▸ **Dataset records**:
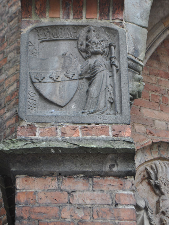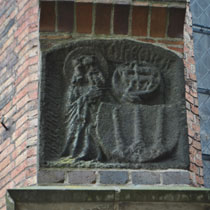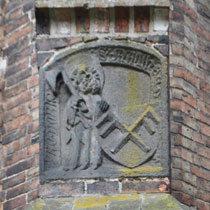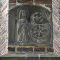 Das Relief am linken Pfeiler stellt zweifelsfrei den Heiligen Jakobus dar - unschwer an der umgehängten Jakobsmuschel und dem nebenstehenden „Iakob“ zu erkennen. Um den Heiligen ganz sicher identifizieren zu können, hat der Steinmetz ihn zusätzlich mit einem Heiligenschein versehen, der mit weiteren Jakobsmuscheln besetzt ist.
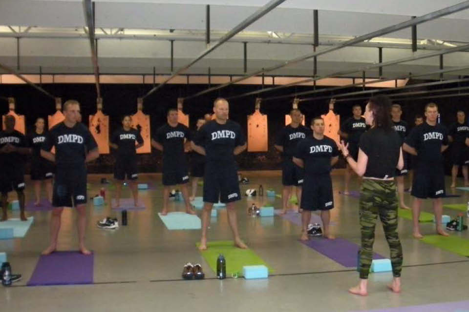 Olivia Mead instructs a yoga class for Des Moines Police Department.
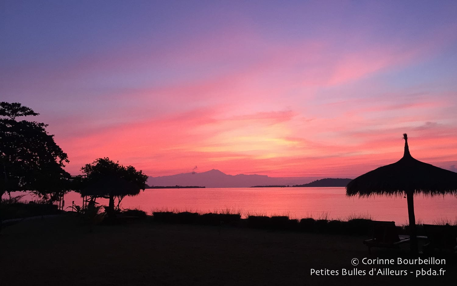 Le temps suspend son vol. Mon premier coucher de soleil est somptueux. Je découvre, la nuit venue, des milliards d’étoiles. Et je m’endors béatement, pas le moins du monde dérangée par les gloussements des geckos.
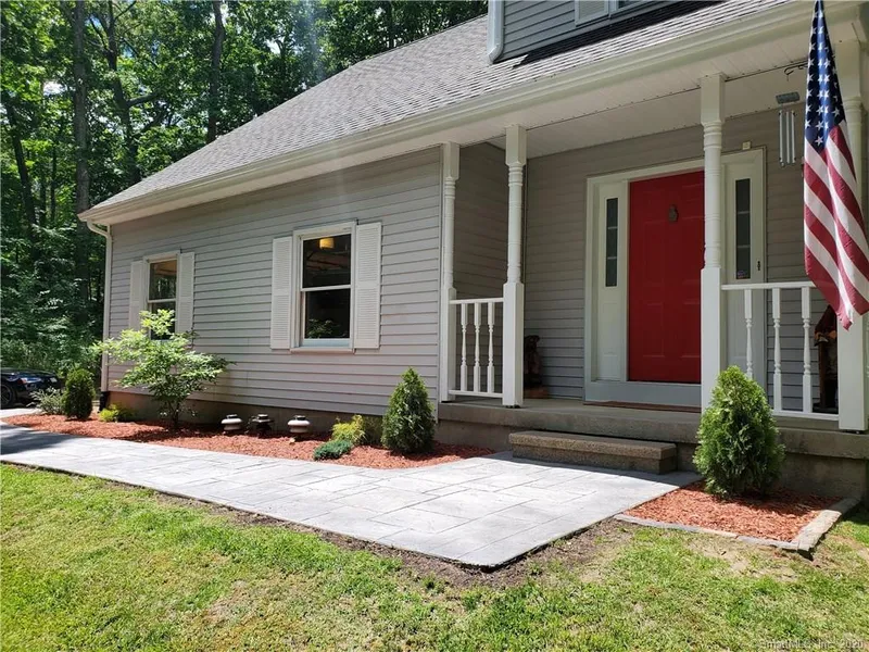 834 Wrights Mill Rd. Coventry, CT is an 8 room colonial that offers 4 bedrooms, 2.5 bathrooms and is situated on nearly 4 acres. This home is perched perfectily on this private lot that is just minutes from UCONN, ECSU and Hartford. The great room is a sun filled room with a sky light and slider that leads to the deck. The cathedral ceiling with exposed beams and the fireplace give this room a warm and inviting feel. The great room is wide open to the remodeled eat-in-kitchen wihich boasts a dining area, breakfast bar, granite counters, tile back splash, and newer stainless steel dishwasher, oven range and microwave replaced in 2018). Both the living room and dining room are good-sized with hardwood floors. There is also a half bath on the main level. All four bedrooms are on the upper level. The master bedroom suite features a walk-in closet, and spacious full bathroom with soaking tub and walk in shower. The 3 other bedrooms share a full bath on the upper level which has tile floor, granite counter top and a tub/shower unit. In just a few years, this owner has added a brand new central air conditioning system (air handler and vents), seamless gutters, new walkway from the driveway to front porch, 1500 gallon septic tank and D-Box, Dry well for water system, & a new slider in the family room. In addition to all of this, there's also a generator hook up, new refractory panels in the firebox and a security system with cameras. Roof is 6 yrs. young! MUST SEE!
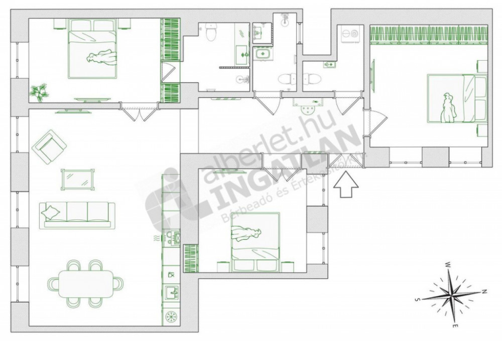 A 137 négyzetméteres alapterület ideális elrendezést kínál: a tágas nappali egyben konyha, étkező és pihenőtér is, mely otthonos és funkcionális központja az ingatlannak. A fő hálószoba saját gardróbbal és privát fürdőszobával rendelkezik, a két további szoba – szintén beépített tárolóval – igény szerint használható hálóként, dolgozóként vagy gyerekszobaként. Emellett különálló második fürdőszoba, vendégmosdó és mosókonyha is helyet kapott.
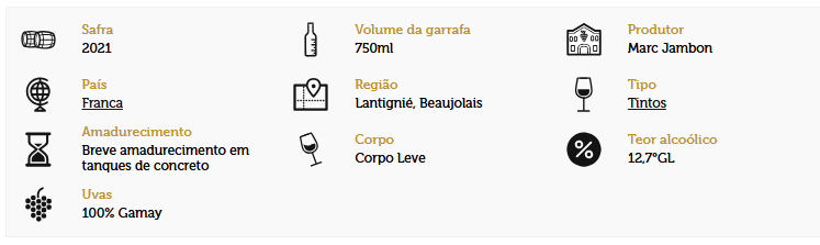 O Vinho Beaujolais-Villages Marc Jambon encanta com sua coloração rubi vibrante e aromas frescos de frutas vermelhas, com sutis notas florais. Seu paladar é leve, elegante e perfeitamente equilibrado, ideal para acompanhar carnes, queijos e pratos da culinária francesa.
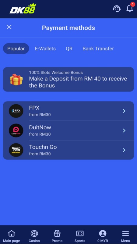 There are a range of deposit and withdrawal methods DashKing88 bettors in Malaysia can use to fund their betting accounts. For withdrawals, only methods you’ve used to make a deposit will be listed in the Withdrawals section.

▸ **DIRECTIONS FOR THIS TASK**:
Repeat exactly and only the lines from the start of the data above through the line that holds "Le temps suspend", inclusive. Pictures do not belong in the copy.

▸ **SOLUTION**:
 Das Relief am linken Pfeiler stellt zweifelsfrei den Heiligen Jakobus dar - unschwer an der umgehängten Jakobsmuschel und dem nebenstehenden „Iakob“ zu erkennen. Um den Heiligen ganz sicher identifizieren zu können, hat der Steinmetz ihn zusätzlich mit einem Heiligenschein versehen, der mit weiteren Jakobsmuscheln besetzt ist.
 Olivia Mead instructs a yoga class for Des Moines Police Department.
 Le temps suspend son vol. Mon premier coucher de soleil est somptueux. Je découvre, la nuit venue, des milliards d’étoiles. Et je m’endors béatement, pas le moins du monde dérangée par les gloussements des geckos.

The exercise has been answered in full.